L'amour est un commerce de bouche dans 'The Village" - ou le tourisme et sa loi


Retour sur le prestige des marchands de l’amour touristique.

Quand il pleut au-dessus de Paris, de petits commerçants ambulants surgissent aux pieds des édifices touristiques. Or, chacun sait qu’ils sont pléthore dans la capitale, de l’Elysée où les momies de la République s’épanouissent à l’ombre des conseillères en fleurs jusqu’au musée Grévin où les précédents posent avec leurs congénères des sports, des médias et de la chansonnette au gré des pousses et petits plaisirs de nos amis les visiteurs par charters entiers.

Les marchands de Paris ont toujours de quoi agrémenter la régalade des devises qui valsent. Il pleut, un parapluie. Il fait beau, des lunettes made in China et des bouteilles de cinquante centilitres d’eau vendues à 2,50€.

Notre touriste s’esbaudit des tarifs s’il est Français en région. S’il est Allemand, la bière l’intéresse davantage. Un Américain se régale quant à lui d’une baguette et d’un foulard Hermès. Nul doute, un touriste à Paris doit verser ses billets et arrondir la manne. Madame Anne Hidalgo veille dans un souci d’éco-participation solidaire, citoyenne du monde et humaniste rigoureuse avec l’empreinte carbone de gauche.

Le voyageur alerte se doit d’aller dans les lieux les plus romantiques que compte notre belle ville multiséculaire. On ira donc cadenasser son amour sur le pont des Arts et partager 80.000 bactéries en se faisant des bisous tout en se promettant, c’est juré, l’éternité sans pareille de notre amour jusqu’à la mort par selfies exhibitionnistes.

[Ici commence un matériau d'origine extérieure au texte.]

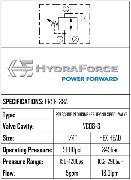 PRESSURE REDUCING/RELIEVING VALVE SPOOL, CAVITY MANIFOLD, PORT SIZE SAE-8, 0 TO 210 BAR, 38 L/MIN (10 GPM), HYDRAFORCE

Pour fêter cela, la touriste femelle inspirera au touriste mâle une invitation dans l’un des repaires de la gastronomie. Prenez la rue Mouffetard, par exemple. Ils y sont tous. Le soir, les rabatteurs sur les trottoirs vous proposent des tartes « maison » de chez Picard, des confits de canard de chez William Saurin, des raclettes « authentiques » au bon lait polonais. Tout, vous dis-je, vous aurez tout le panel des splendeurs buccales de la cuisine française mitonnée dans les laboratoires de notre savoir-faire industriel.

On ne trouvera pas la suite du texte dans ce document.